In the November number of the Arena, Mr. E. A. Ross writes of the prevalent tendency of thought and of society in Europe toward the loss of all hope in a future existence, except the hope of a "Nirvana," in which individual being and self-consciousness are forever submerged.

Some of our readers have been wondering why we have allowed ourselves in recent studies to be led into what seems to them to be strange paths. It has been because we have discerned that the new and most dangerous forms of scepticism upon such vital points as the being of God and a future life for man must be met along those paths. This will appear, we think, from the article above referred to, from which we give an extract.

But science, not content with tracing institutions, has been analyzing personality. We see now that there can never again be such an orgie of the Ego as that led by Fichte and Hegel. The doctrines of transmission and inheritance have attacked the independence of the individual. Science finds no ego, self, or will that can maintain itself against the past. Heredity rules our lives like that supreme primeval necessity that stood above the Olympian gods. "It is the last of the fates," says Wilde, "and

the most terrible. It is the only one of the gods whose real name we know." It is the "divinity that shapes our ends" and hurls down the deities of freedom and choice. Science dissolves the personality into temperaments and susceptibilities, predispositions and transmitted taints, atavisms and reversions, It finds the soul, not a spiritual unit, but a treacherous compound of strange contradictions and warring tendencies, with traces of spent passion and vestiges of ancient sins, with echoes of forgotten deeds and survivals of vanished habits. We are "possessed," not by demons, but by the dead. These are in Ibsen's drama the real ghosts which throng our lives and haunt our footsteps, remorseless as the furies. We are followed by the shades of our ancestors, who visit us, not with midnight squeak and gibber, but in the broad noonday, speaking with our speech and doing with our deed. We are bound to a destiny fixed before birth, and choice is the greatest of illusions. The world is, indeed, a stage, and life is but a hollow ceremony, spontaneous enough to the eye, but wherein the actors recite speeches and follow stage directions written for them long before they were born. Thus science grinds color for our modern Rembrandts.

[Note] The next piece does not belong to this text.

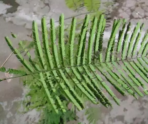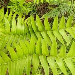 叶簇生;柄坚硬,长10-30厘米或更长,基部粗3-4毫米,深禾秆色至浅褐色,幼时密被与根状茎上同样的鳞片,以后渐变稀疏;叶片倒披针状长圆形,长20-90厘米或更长,宽5-25厘米或更宽,一回羽状;顶生羽片与侧生羽片同形,侧生羽多数(可达40对),互生或有时近对生,下部羽片较疏离,相距3-4厘米,斜展,无柄,不与叶轴合生,向下羽片逐渐缩短,基部羽片仅为耳形,中部羽片最长,狭线形,长6-15厘米宽5-10毫米,先端渐尖,基部扩大并为浅心脏形,其两侧稍呈耳形,上侧耳片较大并常覆盖叶轴,各羽片间的间隔宽约1-1.5厘米,不育的叶缘有微细而均匀的密锯齿,不为软骨质。主脉下面隆起并为浅禾秆色,侧脉纤细,密接,斜展,单一或分叉。叶干后薄革质,暗绿色,无光泽,无毛;叶轴禾秆色,疏被鳞片。在成熟的植株上除下部缩短的羽片不育外,几乎全部羽片均能育。

The final blow to the old notion of the ego is given by the doctrine of multiple individuality. Science tells of the conscious and the sub-conscious, of the higher nerve centres and the lower, of the double cerebrum and the wayward ganglia. It hints at the many voiceless beings that live out in our body their joy and pain, and scarce give sign, dwelling in the sub-centres, with whom, it may be, often lies the initiative when the conscious centre thinks itself free. This I is, no doubt, a hierarchy or commonwealth of psychical units that at death dissolves and sinks below the threshold of consciousness.

The main points in this surrender of faith and hope are : 1. We are the victims of an overruling principle of heredity against which we have no power to contend.

2. We have no individual existence-no proper egobut every man is a bundle of dispositions and reversions transmitted to him from his ancestors.

3. The future life resolves itself into a continuation of individual traits which find subsequent expression in the persons of descendants.

4. Man's being is not a unit, but an assemblage of beings of various orders and degrees and around various sub-centres of consciousness and activity. Whatever holds them in unity is dissolved by death.

Against all this we have asserted certain things as true both to Scripture and to Science :

1. We acknowledge the principle of heredity, and that by it the human race is bound together in one organism. But we find that this organism contains within itself a power of redemption and of perfection by means of a perfected and fructifying seed. Choice members of the race reach a higher grade of life and impart it to others, until a chosen seed reach the goal of divine and immortal manhood and communicate to others power to become the sons of God.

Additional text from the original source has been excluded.